Meyer & Allen Associates

Commerce Civic Center Master Plans

Location:City of Commerce, CA
Size:17 acres; 148,000 sq. ft.

Civic facilities within a park, and park landscapes within civic buildings - these are the themes that guided the Master Planning for the City of Commerce’s Civic Center.  Set into the existing Rosewood Park, four new civic buildings were planned to replace the existing, outdated facilities and permanently change the concept of “Civic Center” in the City of Commerce.

All buildings are to be set within the park landscape.  Special gardens are planned within and around each building to extend each, visually and functionally, into the park.  Forms of sandstone, metal and concrete will identify each building as jewels in this park space: a round Council Chamber at City Hall; the pyramidal Children’s Room at the Library; and a glass Pavilion at the Senior Citizens Center.  Atrium spaces and glazed pavilions remove the visual separation between building and park.

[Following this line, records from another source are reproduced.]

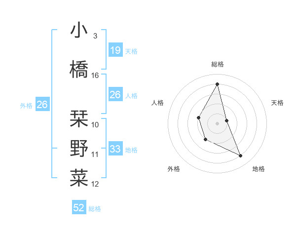 小橋 栞野菜さんを姓名の画数から五運を鑑定
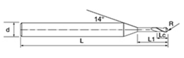 | Nem. | Átmérő D | R Szög R | Fuvola hossza Lc | Hatásos hossz L1 | Teljes hossz L | Shank Dia d | Pengeszám F |
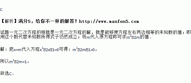 已知m是方程x2﹣x﹣1=0的一个根,则代数式m2﹣m的值等于( )
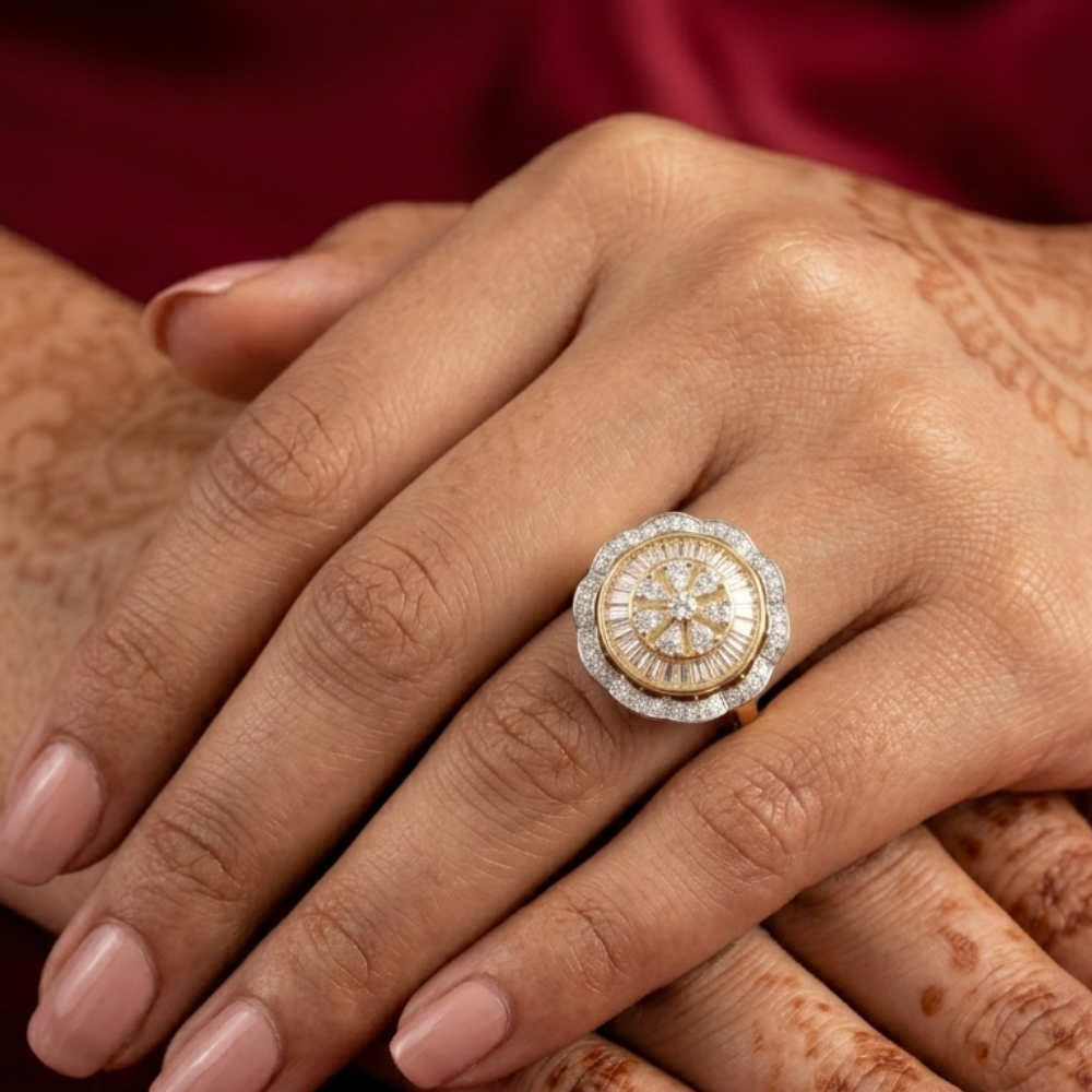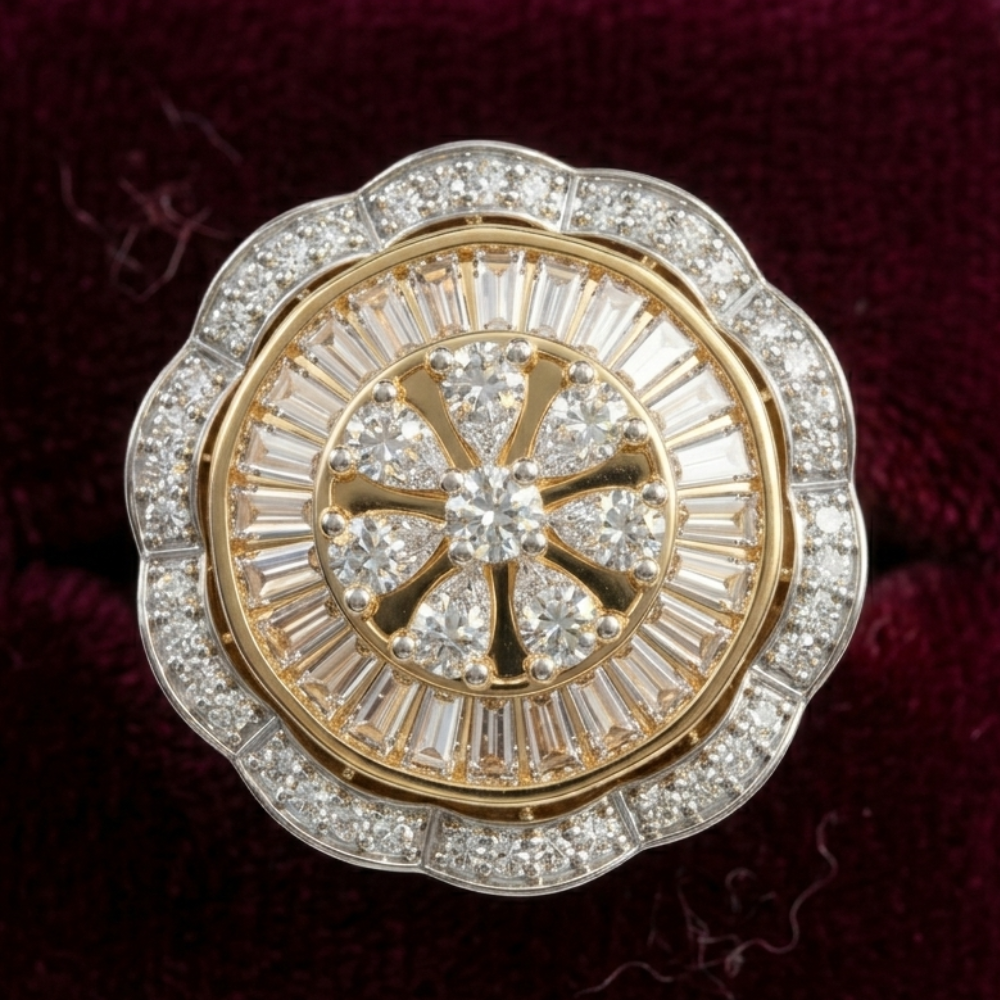 Designed in a sophisticated two-tone setting, this ring blends the warmth of yellow gold with the cool elegance of white gold, creating a harmonious and eye-catching contrast. This architectural statement piece is ideal for weddings, red-carpet events, or as the centerpiece of your jewelry collection.

M&AA’s involvement with the Civic Center and Rosewood Park began when the firm was engaged to prepare a Master Plan for the entire 17-acre site, including the community park.  This initial planning process entailed:

  • Preparation of Building Programs for all future buildings;
  • A Program for all park facilities;
  • Analysis of existing building conditions, traffic, parking and opportunities/constraints for site development;
  • Preparation of Master Plan alternatives and associated implementation schedules and budgets for each alternative; and
  • Preparation of the final Master Plan, budget and implementation schedule with detailed guidelines for the urban design concept, site plan concept, all new facilities, parking facilities and the park and landscape.


M&AA’s consultant team included over 11 engineering and planning firms in a process that lasted approximately one and one-half years.  The final Master Plan resulted from a consensus building process which entailed ongoing meetings with: senior citizens; park users; pool users; Library, Recreation and Parks, and Planning Commissions; a City Staff Steering Committee; and the City Council.  Meetings were held with each of the community groups and major commissions at each stage of the process:  programming; opportunities and constraints; master plan alternatives; and final master plan.  The City Staff Steering Committee met monthly to review the progress of the work.